*TASK ITEM:*
The answer is the exact run of lines in the listing below from the line containing "(a) Remove the" up to and including the line containing "3、在脑干brainstem", with pictures removed.
+++ SOURCE MATERIAL
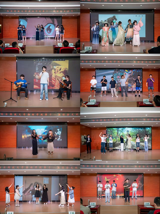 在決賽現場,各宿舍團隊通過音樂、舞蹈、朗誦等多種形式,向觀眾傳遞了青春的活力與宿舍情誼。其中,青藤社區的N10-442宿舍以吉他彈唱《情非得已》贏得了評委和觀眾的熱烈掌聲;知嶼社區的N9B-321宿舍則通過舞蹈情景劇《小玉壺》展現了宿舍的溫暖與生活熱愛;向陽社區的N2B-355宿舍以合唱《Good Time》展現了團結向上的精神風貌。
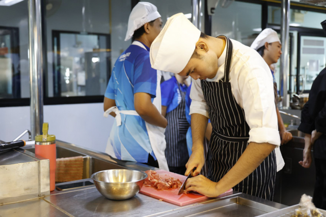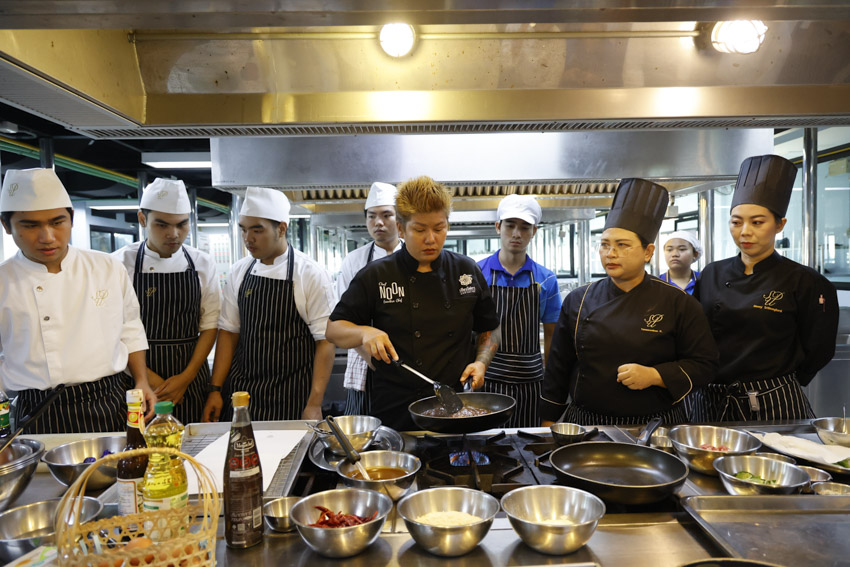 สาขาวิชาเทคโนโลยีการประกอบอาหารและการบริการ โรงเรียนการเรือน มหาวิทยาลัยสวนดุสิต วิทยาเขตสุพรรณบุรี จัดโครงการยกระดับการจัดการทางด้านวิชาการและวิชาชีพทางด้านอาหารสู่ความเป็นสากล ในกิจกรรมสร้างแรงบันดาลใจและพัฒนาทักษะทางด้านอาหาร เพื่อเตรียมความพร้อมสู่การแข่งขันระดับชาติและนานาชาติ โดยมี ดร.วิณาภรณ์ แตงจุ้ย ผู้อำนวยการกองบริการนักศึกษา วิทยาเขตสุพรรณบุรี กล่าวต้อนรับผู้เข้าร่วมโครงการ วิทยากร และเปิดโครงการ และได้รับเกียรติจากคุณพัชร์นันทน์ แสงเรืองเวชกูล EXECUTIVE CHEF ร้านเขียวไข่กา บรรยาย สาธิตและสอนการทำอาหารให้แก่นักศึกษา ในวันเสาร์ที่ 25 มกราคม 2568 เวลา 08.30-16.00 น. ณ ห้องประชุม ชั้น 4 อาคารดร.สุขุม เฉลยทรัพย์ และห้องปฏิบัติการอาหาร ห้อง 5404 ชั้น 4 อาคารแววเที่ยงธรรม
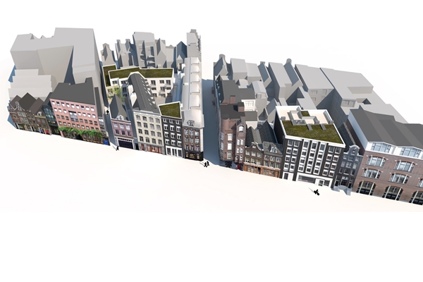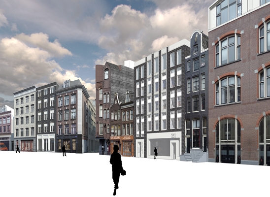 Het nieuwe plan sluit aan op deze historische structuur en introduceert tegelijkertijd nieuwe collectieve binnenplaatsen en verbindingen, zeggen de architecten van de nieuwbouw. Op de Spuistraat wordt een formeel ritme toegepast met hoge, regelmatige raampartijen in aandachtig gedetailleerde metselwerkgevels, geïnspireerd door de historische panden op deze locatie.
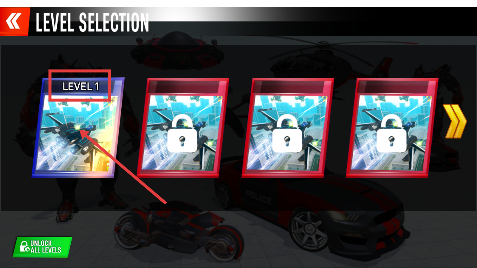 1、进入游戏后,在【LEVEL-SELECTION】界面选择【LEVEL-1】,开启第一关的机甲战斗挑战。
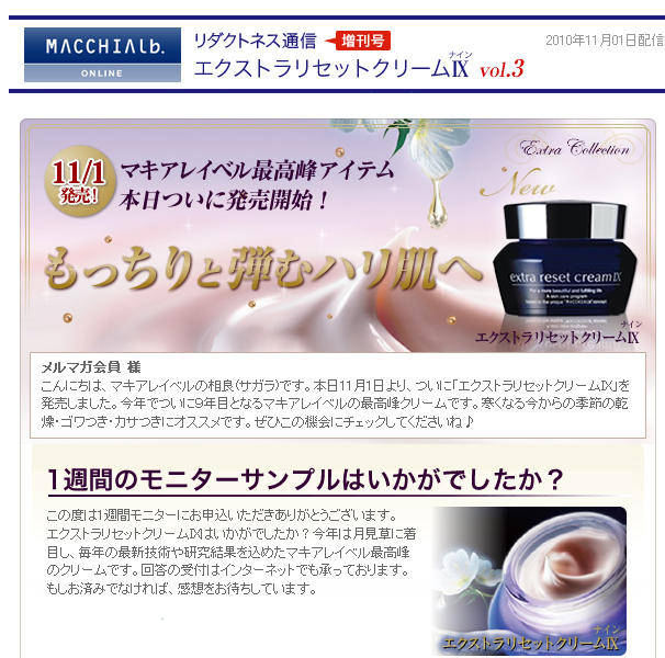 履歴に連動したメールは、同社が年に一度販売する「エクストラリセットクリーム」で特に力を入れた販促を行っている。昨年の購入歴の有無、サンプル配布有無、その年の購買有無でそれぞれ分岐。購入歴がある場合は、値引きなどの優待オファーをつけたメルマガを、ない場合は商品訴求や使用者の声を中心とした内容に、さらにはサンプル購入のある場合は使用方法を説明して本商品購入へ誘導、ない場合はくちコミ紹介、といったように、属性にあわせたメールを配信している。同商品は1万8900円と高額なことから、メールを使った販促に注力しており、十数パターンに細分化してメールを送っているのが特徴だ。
++++++
+++ SOURCE MATERIAL
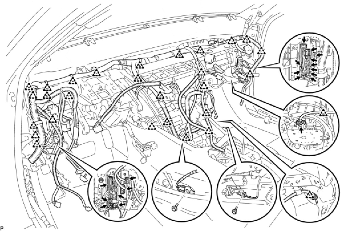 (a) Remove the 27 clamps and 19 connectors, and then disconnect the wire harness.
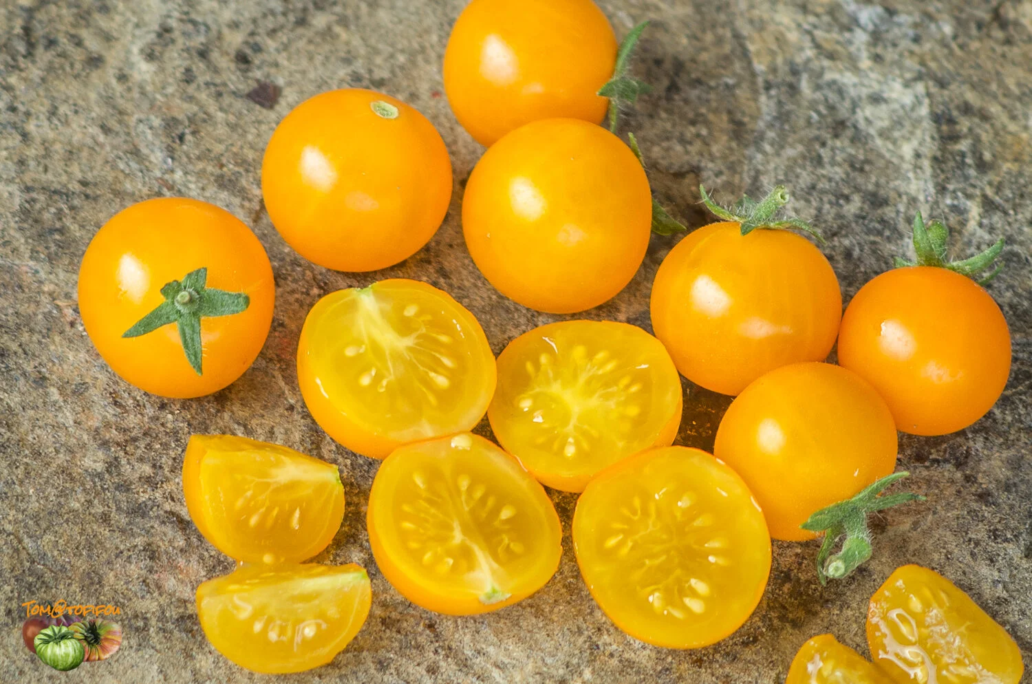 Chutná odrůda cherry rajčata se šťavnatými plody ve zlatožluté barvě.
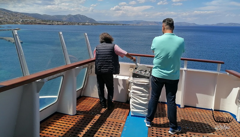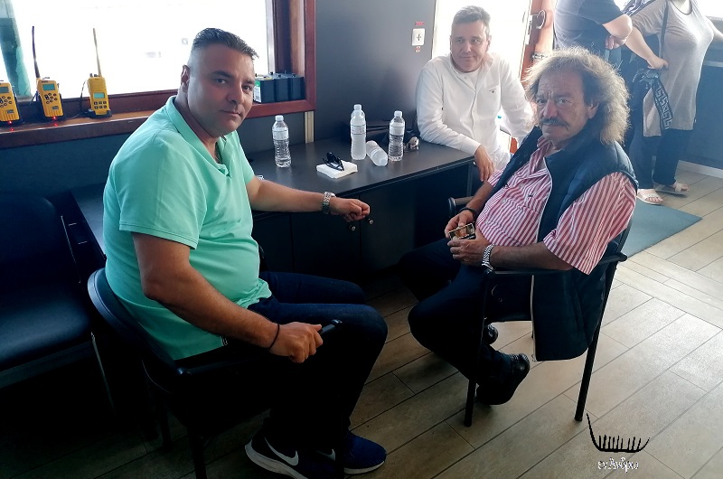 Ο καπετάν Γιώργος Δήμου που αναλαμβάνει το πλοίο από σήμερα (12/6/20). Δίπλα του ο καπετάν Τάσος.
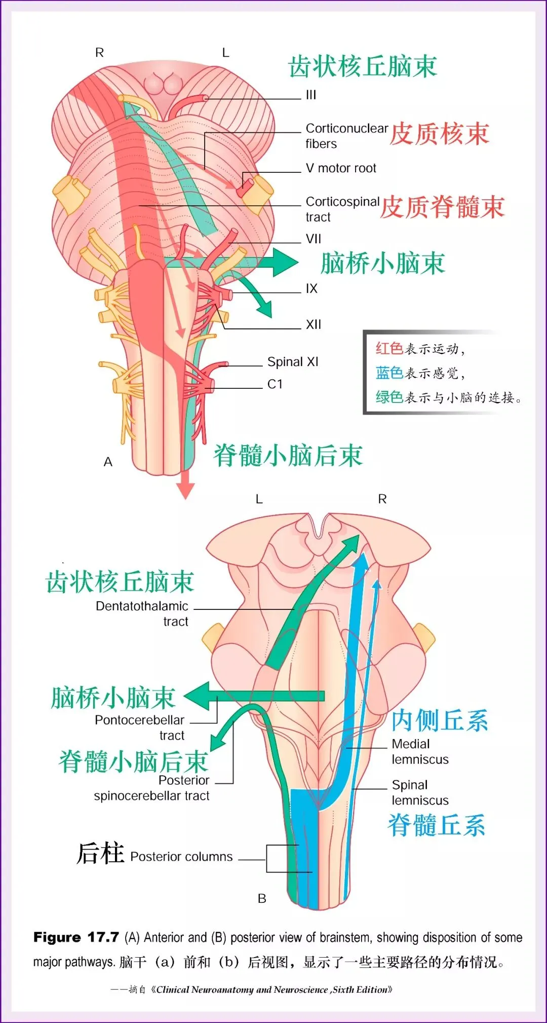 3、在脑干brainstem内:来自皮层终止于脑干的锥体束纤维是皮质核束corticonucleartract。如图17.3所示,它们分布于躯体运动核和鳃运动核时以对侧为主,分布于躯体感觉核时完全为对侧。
++++++
+++ SOURCE MATERIAL
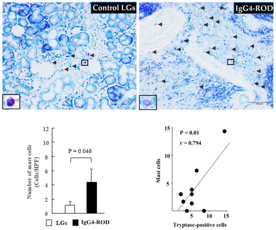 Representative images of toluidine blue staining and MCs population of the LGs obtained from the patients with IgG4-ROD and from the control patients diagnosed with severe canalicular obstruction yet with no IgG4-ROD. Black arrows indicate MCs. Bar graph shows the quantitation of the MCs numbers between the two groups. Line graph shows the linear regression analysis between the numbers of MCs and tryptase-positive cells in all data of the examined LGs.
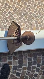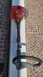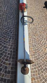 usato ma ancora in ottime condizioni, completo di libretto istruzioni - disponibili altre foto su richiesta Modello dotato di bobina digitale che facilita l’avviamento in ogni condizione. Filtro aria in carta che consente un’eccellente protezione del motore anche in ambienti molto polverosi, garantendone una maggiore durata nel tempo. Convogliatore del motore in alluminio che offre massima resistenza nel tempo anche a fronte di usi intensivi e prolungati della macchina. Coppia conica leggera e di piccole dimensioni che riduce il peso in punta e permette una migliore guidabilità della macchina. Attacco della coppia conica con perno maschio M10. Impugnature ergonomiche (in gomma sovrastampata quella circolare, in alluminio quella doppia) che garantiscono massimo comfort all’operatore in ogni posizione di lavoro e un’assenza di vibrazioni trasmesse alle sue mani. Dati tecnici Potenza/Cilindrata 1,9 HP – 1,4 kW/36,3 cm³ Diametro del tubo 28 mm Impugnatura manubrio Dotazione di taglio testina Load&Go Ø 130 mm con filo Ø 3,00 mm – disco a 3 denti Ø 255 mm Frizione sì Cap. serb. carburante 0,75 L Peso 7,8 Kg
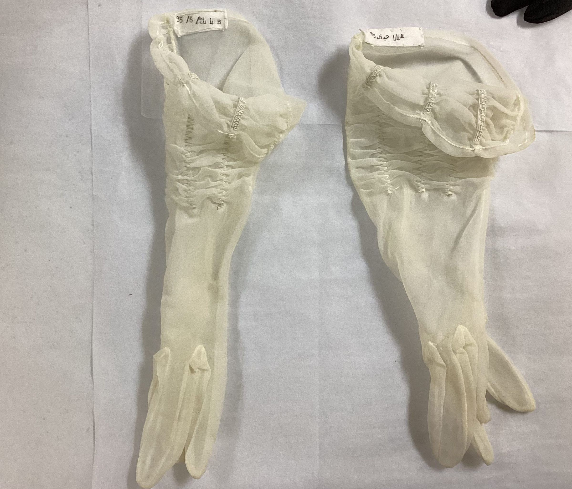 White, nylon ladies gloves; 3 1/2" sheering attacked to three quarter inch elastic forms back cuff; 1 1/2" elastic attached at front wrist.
++++++
*ANSWER FOR THIS EXERCISE:*
 (a) Remove the 27 clamps and 19 connectors, and then disconnect the wire harness.
 Chutná odrůda cherry rajčata se šťavnatými plody ve zlatožluté barvě.
 Ο καπετάν Γιώργος Δήμου που αναλαμβάνει το πλοίο από σήμερα (12/6/20). Δίπλα του ο καπετάν Τάσος.
 3、在脑干brainstem内:来自皮层终止于脑干的锥体束纤维是皮质核束corticonucleartract。如图17.3所示,它们分布于躯体运动核和鳃运动核时以对侧为主,分布于躯体感觉核时完全为对侧。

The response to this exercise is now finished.